To solve the Reacher environment the following parameters have been used:

# PARAMETERS
params = dict()
params['action_dim'] = len(env.action_space.low)
params['state_dim'] = len(observation_space.low)
params['num_episodes'] = 200        #number of episodes for agent to interact with the environment
params['buffer_size'] = int(1e6)    # replay buffer size
params['batch_size'] = 128          # minibatch size
params['gamma'] = 0.99              # discount factor
params['tau'] = 1e-2                # for soft update of target parameters
params['eps'] = 0.8                 # exploration factor (modifies noise)
params['min_eps'] = 0.001           # min level of noise
min_e = params['min_eps']
e = params['eps']
N = params['num_episodes']
params['eps_decay'] = np.exp(np.log(min_e/e)/(0.8*N)) #decay of the level of the noise after each episode
params['lr'] = 1e-3                 # learning rate
params['update_every'] = 2          # how often to update the network (every update_every timestep)
params['seed'] = random.randint(0,1000)
params['max_t'] = 1000              # restriction on max number of timesteps per each episodes
params['noise_type'] = 'action'     # noise type; can be 'action' or 'parameter'
params['save_to'] = ('../results/' + env_name) # where to save the results to
params['threshold'] = 38            # the score above which the network parameters are saved


#parameters for the Policy (actor) network
params['arch_params_actor'] = OrderedDict(
        {'state_and_action_dims': (params['state_dim'], params['action_dim']),
         'layers': {
             'Linear_1': 128,   'ReLU_1': None,
             'Linear_2': 64,  'ReLU_2': None,
             'Linear_3': params['action_dim'],
             'Tanh_1': None
         }
         })
#parameters for the QNetwork (critic) network
params['arch_params_critic'] = OrderedDict(
    {'state_and_action_dims': (params['state_dim'], params['action_dim']),
     'layers': {
         'Linear_1': 128, 'ReLU_1': None,
         'Linear_2': 64, 'ReLU_2': None,
         'Linear_3': params['action_dim']
     }
     })

Performance of a trained agent

To demonstrate the results, I've trained the Reacher in the multiagent mode.

The scores plot for training Reacher:

Gif demonstration of a trained Agent

Ideas to try

• The parameter noise needs some fine tuning.

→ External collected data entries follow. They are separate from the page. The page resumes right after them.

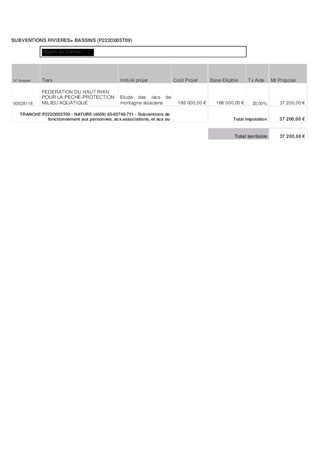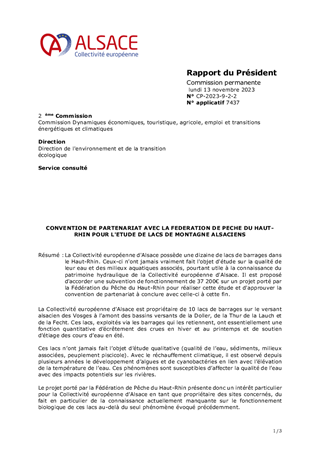 La Collectivité européenne d'Alsace possède une dizaine de lacs de barrages dans le Haut-Rhin. Ceux-ci n'ont jamais vraiment fait l'objet d'étude sur la qualité de leur eau et des milieux aquatiques associés, pourtant utile à la connaissance du patrimoine hydraulique de la Collectivité européenne d'Alsace. Il est proposé d'accorder une subvention de fonctionnement de 37 200€ sur un projet porté par la Fédération du Pêche du Haut-Rhin pour réaliser cette étude et d'approuver la convention de partenariat à conclure avec celle-ci à cette fin.
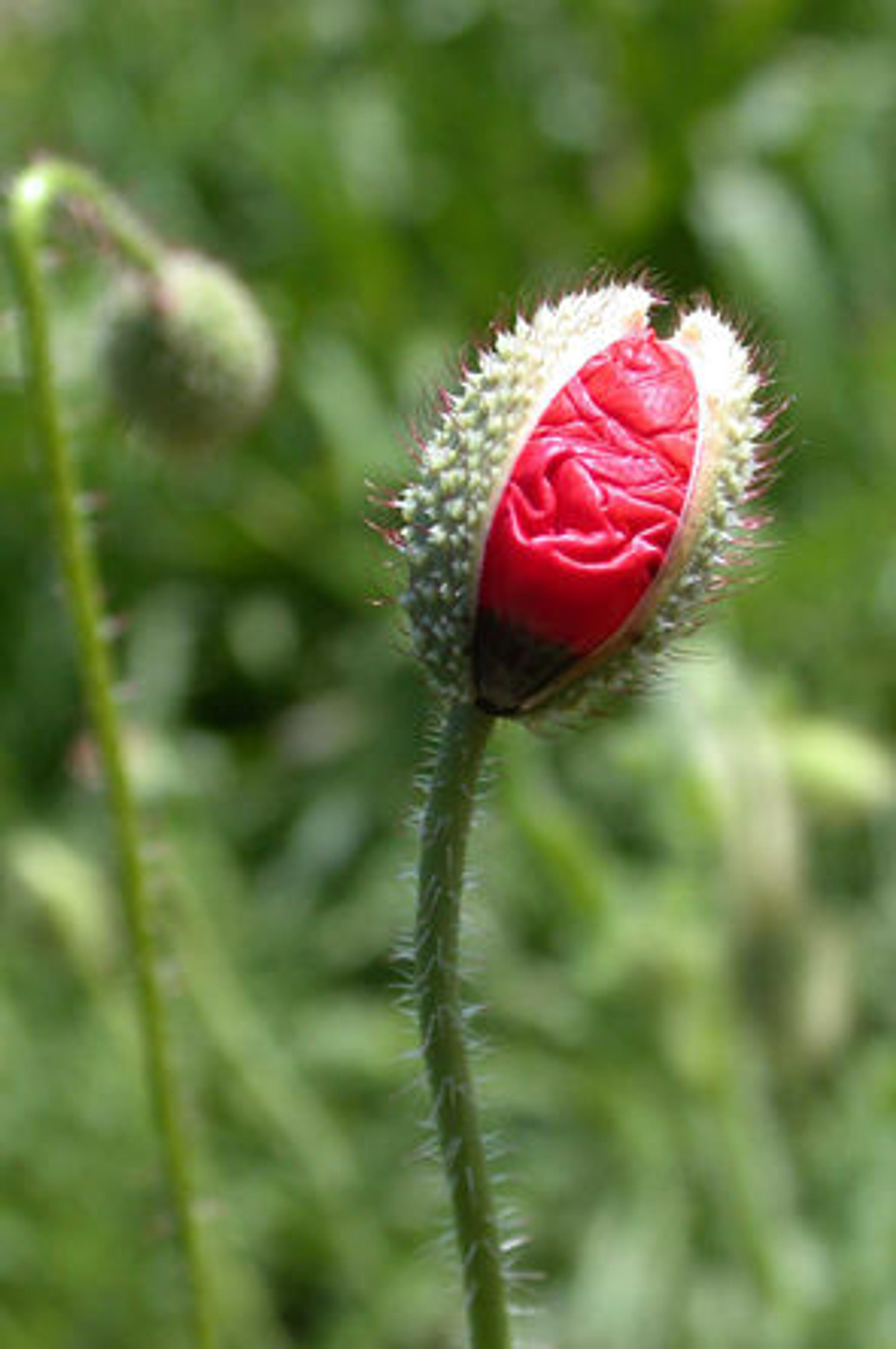 Left: The distinctive, crinkled red petals of the corn poppy ensconced in a bud
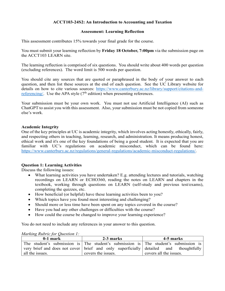 ACCT103-24S2: An Introduction to Accounting and Taxation Assessment: Learning Reflection This assessment contributes 15% towards your final grade for the course. You must submit your learning reflection by Friday 18 October, 7:00pm via the submission page on the ACCT103 LEARN site. The learning reflection is comprised of six questions. You should write about 400 words per question (excluding references). The word limit is 500 words per question. You should cite any sources that are quoted or paraphrased in the body of your answer to each question, and then list these sources at the end of each question. See the UC Library website for details on how to cite various sources: https://www.canterbury.ac.nz/library/support/citations-andreferencing/. Use the APA style (7th edition) when presenting references. Your submission must be your own work. You must not use Artificial Intelligence (AI) such as ChatGPT to assist you with this assessment. Also, your submission must be not copied from someone else’s work. Academic Integrity One of the key principles at UC is academic integrity, which involves acting honestly, ethically, fairly, and respecting others in teaching, learning, research, and administration. It means producing honest, ethical work and it's one of the key foundations of being a good student. It is expected that you are familiar with UC’s regulations on academic misconduct, which can be found here: https://www.canterbury.ac.nz/regulations/general-regulations/academic-misconduct-regulations/. Question 1: Learning Activities Discuss the following issues: • What learning activities you have undertaken? E.g. attending lectures and tutorials, watching recordings on LEARN or ECHO360, reading the notes on LEARN and chapters in the textbook, working through questions on LEARN (self-study and previous test/exams), completing the quizzes, etc. • How beneficial (or helpful) have these learning activities been to you? • Which topics have you found most interesting and challenging? • Should more or less time have been spent on any topics covered in the course? • Have you had any other challenges or difficulties with the course? • How could the course be changed to improve your learning experience? You do not need to include any references in your answer to this question. Marking Rubric for Question 1: 0-1 mark 2-3 marks 4-5 marks The student’s submission is The student’s submission is The student’s submission is very brief and does not cover brief and only superficially detailed and thoughtfully all the issues. covers the issues. covers all the issues. ACCT103-24S2 Learning Reflection Page 2 of 4 Question 2: Kaitiakitanga (or Guardianship) Applied to Financial Reporting The difference between operating income and expenses, which is called a profit or loss for entities in the corporate sector and a surplus or deficit for entities in the public and third sectors. This figure is the primary focus of attention when entities release their financial reports to the public. A loss or deficit is generally considered unacceptable to the governing board of entities and their stakeholders. Discuss whether financial reporting is overly focused on profit at the expense of people and planet, and then how financial reporting can be changed or reimagined, so that greater attention is placed on social and environmental challenges in the world. Marking Rubric for Question 2: 0-1 mark 2-3 marks The student’s submission is The student’s submission very brief and does not cover summarises the issues all the issues. discussed in the lecture slides and notes. The arguments are supported by a couple of references. 4-5 marks The student’s submission examines the issues discussed in the lecture slides and notes, and highlights alternatives for financial reporting. The arguments are supported by several references. Question 3: Valuation of Non-Current Assets For property, plant and equipment, an entity can choose to use the cost model or revaluation model under NZ IAS 16. The choice between the cost model and revaluation model and then the choice among valuation methods (fair value, current cost or value-in-use) significantly affects an entity’s income statement and balance sheet. For intangible assets, an entity can also choose to use the cost model or revaluation model under NZ IAS 38, although there are some restrictions. Most notably, internally generated brands and goodwill cannot be recognised as assets. Goodwill can be recognised as an asset but only upon acquisition under NZ IFRS 3. Non-current assets are also subject to depreciation and/or impairment. Discuss the merits and problems with how non-current assets are valued under the applicable NZ accounting standards. Also, discuss how, if at all, you would change the NZ accounting standards to resolve these problems. Limit your discussion to the large companies in corporate sector. Marking Rubric for Question 3: 0-1 mark 2-3 marks The student’s submission is The student’s submission very brief and does not cover summarises the issues all the issues. discussed in the lecture slides and notes. The arguments are supported by a couple of references. 4-5 marks The student’s submission examines the issues discussed in the lecture slides and notes, and highlights possible changes to NZ accounting standards. The arguments are supported by several references. ACCT103-24S2 Learning Reflection Page 3 of 4 Question 4: Capital Gains and Wealth Taxes Revisit the tutorial question, “Question 1: Discussion of the NZ Tax System”. During lectures and tutorials, there was some discussion of whether people with very high incomes and wealth are currently contributing enough taxation for the NZ tax system to be considered fair and equitable. For this question, you should discuss the possible merits and problems with introducing a comprehensive capital gains tax or a wealth tax in NZ. Conclude your answer by stating if you do or do not favour intro

Also it'll be interesting to make the noise adpative to sensitivity of the parameters: the greater the gradient with respect to the specific weight, the lower the level of the noise imposed, and vise versa.
• One may try to make the policy network to return the parameters (mean and variance) of the probability distribution from which the action is sampled. Then we may use the mean of the distribution for the update in QNetwork.
• Reward Shaping for decreasing the jitter of arm (penalizing the Agent for unnessesary movements to make the Agent act smoother).
• Of course there is always some space for further hyper-parameter tuning.
• Implementing the PPO (Proximal Policy Optimization, see the original paper) or TRPO (Trust Region Policy Optimization, see the original paper) and comparing it to DDPG. It's been suggested, that the PPO-family algorithms work better for continuous control.